» **Action item**: Pictures in the listing below are skipped, while the lines from the "Wonderful 3 Bedroom" line through the "Con respecto a" line are returned word for word.

» **Supplied material**:

------------------------------------------------

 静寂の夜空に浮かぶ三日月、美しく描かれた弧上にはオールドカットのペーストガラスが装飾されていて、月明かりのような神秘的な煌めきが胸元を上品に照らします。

------------------------------------------------

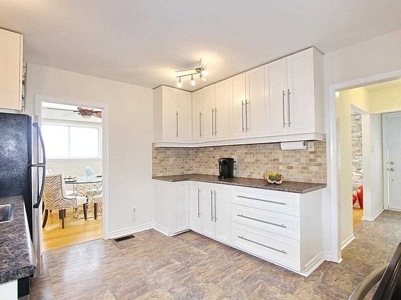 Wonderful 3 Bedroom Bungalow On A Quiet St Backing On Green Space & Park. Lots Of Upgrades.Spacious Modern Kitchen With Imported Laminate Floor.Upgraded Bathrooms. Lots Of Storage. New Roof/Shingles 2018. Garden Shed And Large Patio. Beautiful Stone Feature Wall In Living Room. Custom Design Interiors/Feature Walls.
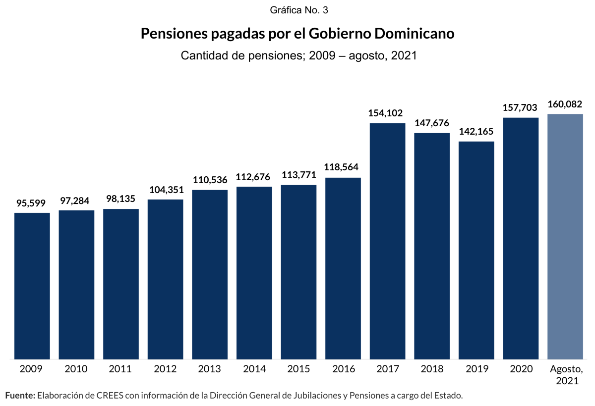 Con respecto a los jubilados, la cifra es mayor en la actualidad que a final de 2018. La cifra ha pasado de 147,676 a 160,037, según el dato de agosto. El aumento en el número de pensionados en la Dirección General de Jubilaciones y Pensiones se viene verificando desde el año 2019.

------------------------------------------------

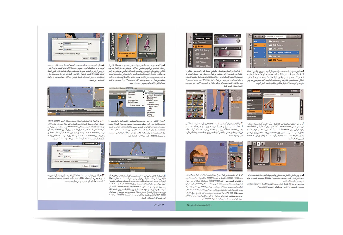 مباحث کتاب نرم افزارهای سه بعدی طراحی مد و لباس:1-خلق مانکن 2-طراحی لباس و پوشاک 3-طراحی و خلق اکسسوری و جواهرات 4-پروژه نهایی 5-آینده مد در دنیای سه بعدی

------------------------------------------------

» **Answer box**:
 Wonderful 3 Bedroom Bungalow On A Quiet St Backing On Green Space & Park. Lots Of Upgrades.Spacious Modern Kitchen With Imported Laminate Floor.Upgraded Bathrooms. Lots Of Storage. New Roof/Shingles 2018. Garden Shed And Large Patio. Beautiful Stone Feature Wall In Living Room. Custom Design Interiors/Feature Walls.
 Con respecto a los jubilados, la cifra es mayor en la actualidad que a final de 2018. La cifra ha pasado de 147,676 a 160,037, según el dato de agosto. El aumento en el número de pensionados en la Dirección General de Jubilaciones y Pensiones se viene verificando desde el año 2019.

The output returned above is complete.